→ **About this task**: The material beneath this line should be printed exactly, with its pictures omitted.

→ **Material provided**:
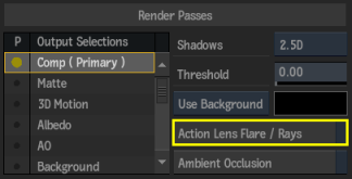 For this use case, make sure that you disable the Action Lens Flare / Rays button from the Comp output Render Passes menu:
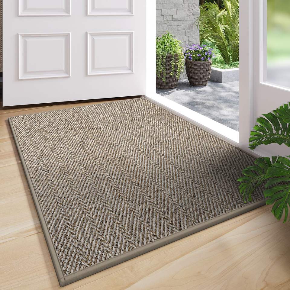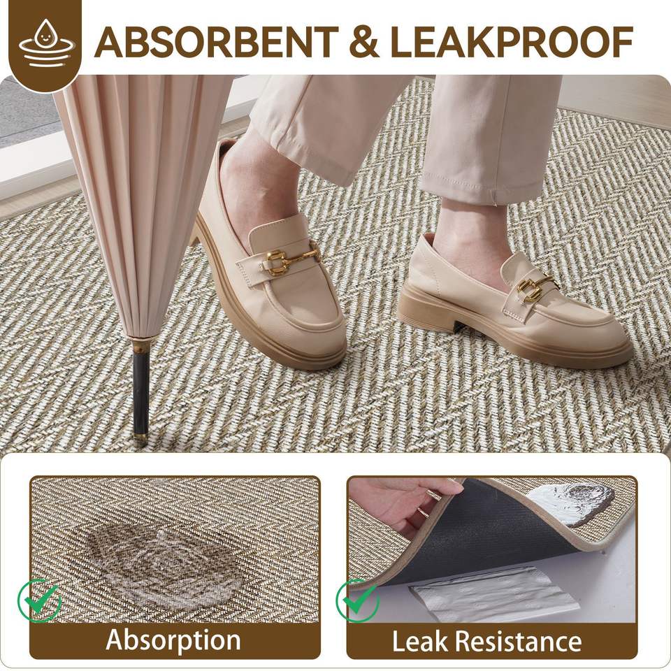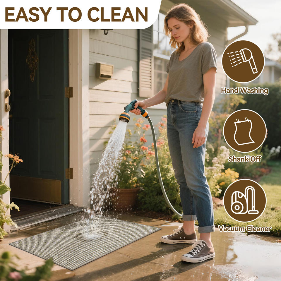 Tapete de Entrada Rectangular Antideslizante y Resistente a las Manchas, de Fibra de Poliéster con Patrón Geométrico para Uso Doméstico
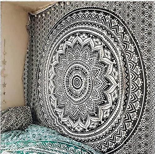 Multicolored Indian Tapestry Wall Hanging Wall ClothTapestry Boho Style Decorative Cloth/Bedspread (Black, 150 * 150)
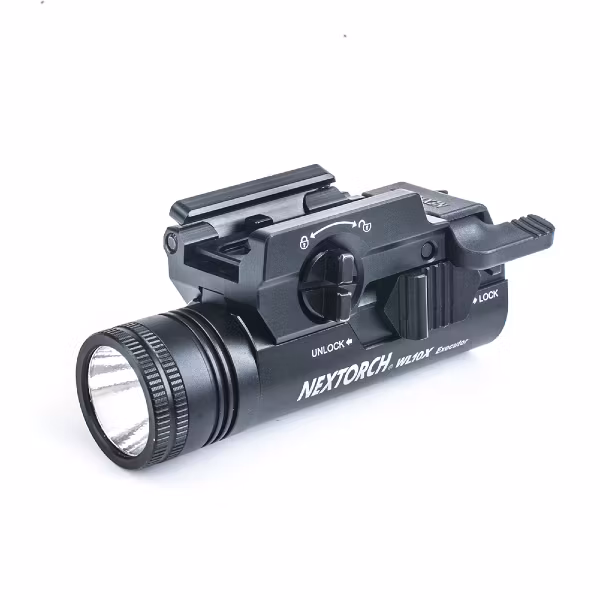 Nextorch vapenlampa med 230 lumen som levereras med CR123A batteri samt ett universalfäste för skena som möjliggör montering för de flesta weaver/picatinny baser.

→ **Written answer**:
 For this use case, make sure that you disable the Action Lens Flare / Rays button from the Comp output Render Passes menu:
 Tapete de Entrada Rectangular Antideslizante y Resistente a las Manchas, de Fibra de Poliéster con Patrón Geométrico para Uso Doméstico
 Multicolored Indian Tapestry Wall Hanging Wall ClothTapestry Boho Style Decorative Cloth/Bedspread (Black, 150 * 150)
 Nextorch vapenlampa med 230 lumen som levereras med CR123A batteri samt ett universalfäste för skena som möjliggör montering för de flesta weaver/picatinny baser.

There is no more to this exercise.